Thursday, October 25, 2012

Sleepless Clarity

I hate sleepless nights. I have enough of them lately. Another one last night.

What happens, though, is that I get clarity. I see clearly about things that have bothered me. Things that have happened lately. I see the truth hiding behind the half-smiles, the looks, the thoughtless words.

I got clarity on a failed marriage last night. I realized that I wasn't wrong to end it. Sobriety taught me to not accept things that are bad for me, and that I don't have to stay around people who don't like me. I was thinking about how much I loved the man, my husband, and why I had to leave anyway. His son, you see. His son hated me. He was grown, but lived with us for reasons I don't care to explain. Because I wasn't his mother, he hated me. He made it clear in so many little ways. And my dear husband either didn't hear or ignored my pleas to make it stop. He never acknowledged my pain. So I left. I had to leave for my sanity. And when he begged me to return, I could not. Things had not changed. I had changed.

I also got clarity on a situation I'm dealing with today at school. An organization with which I've aligned myself has no clear identity, and I've been uncomfortable. Now I know why. I will deal with it. I will discuss this with others in the group, with our adviser, and consult my own conscience. I will go forward from there.

A friend commited suicide last weekend. I heard about it on Facebook, not knowing how he died. I found out from another friend by phone. "He died sober," she said. Did he? A permanent solution to a temporary problem. On a dry drunk, I would say. Acting out on old behaviors, and not checking with his sponsor. Not sharing the truth of his feelings and doubts. I sad outcome to a problem with another solution.
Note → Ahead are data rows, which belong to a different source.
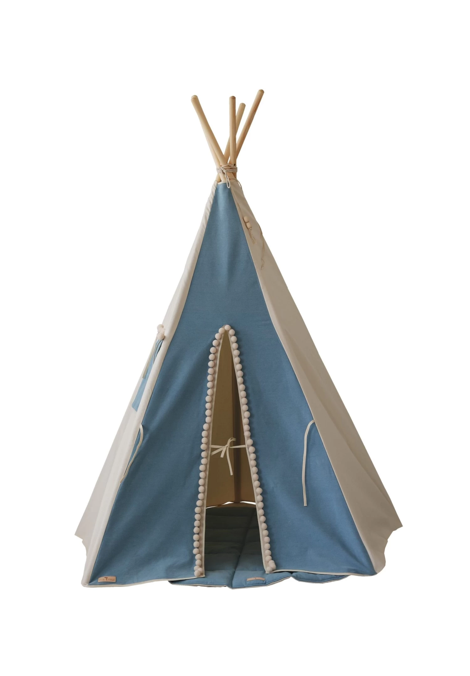 The “Jeans” Teepee Tent is firmly sewn from strong cotton fabric and adorned with fluffy pompoms around its openings.
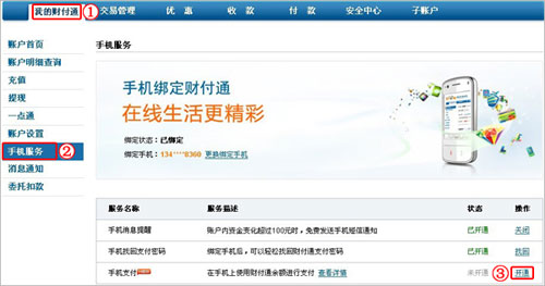 第一步:登录财付通网站,点击“手机服务”=》“手机支付”右侧的“开通”;
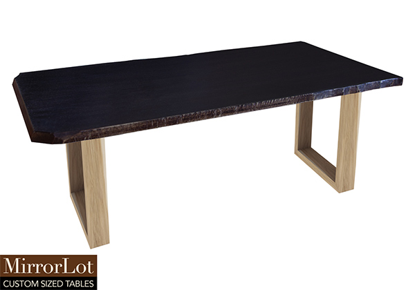 Wood & finish: Black walnut stained with bronze edge table top and natural pecan hickory table legs
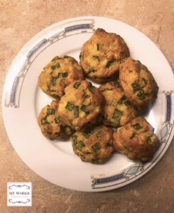 - Πλάθουμε μικρά κεφτεδάκια και ψήνουμε σε λαδόκολλα στους 180 C στον αέρα για περίπου 25 – 30′.
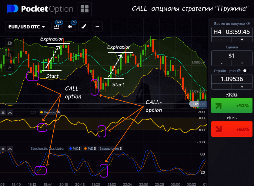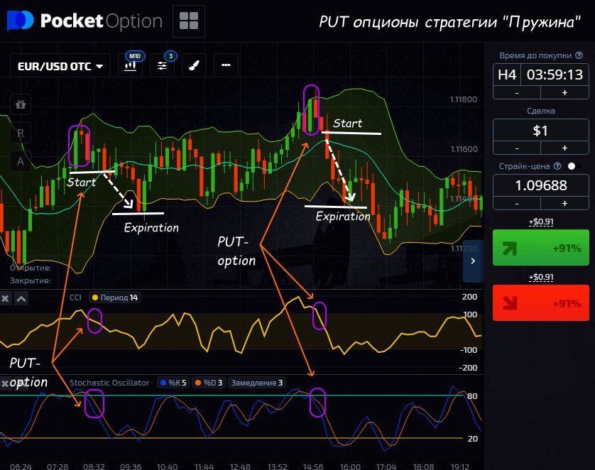Бинарные опционы, имеющие фиксированный срок действия (экспирацию) требуют точного определения момента открытия хотя на первый взгляд все просто и нужно только нажать кнопку «Вверх/Вниз». Не ошибиться помогут стандартные инструменты технического анализа, как это делает стратегия «Пружина».
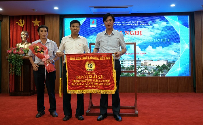 Ông Nguyễn Mạnh Kha - Phó Chủ tịch Công đoàn Dầu khí Việt Nam tặng cờ cho Công ty CP Điện lực Dầu khí Nhơn Trạch 2 là đơn vị xuất sắc trong phong trào xanh- Sạch – Đẹp, bảo đảm an toàn vệ sinh lao động năm 2018 của Tổng liên đoàn Lao động Việt Nam.

These are the things that floated through my mind overnight. I was cold, I was hot, I had to go to the bathroom. For all those reasons, I could not sleep. I miss my cats. I miss my home, I needed to cry and mourn. I needed to mourn a relationship and let it go, and I needed to mourn a friend's passing. I feel strangely rested, for all that.

I know that by the end of the day I will be over-tired and unable to sleep. I'll be sure to take care of myself so that I sleep tonight. My immediate concern is for a mid-term today. I have to do an essay, and I don't write well on the spur of the moment. I need time to draft and polish my words. So, that is my most pressing concern.

A cup of coffee, a long shower, and I'll be ready to face the day.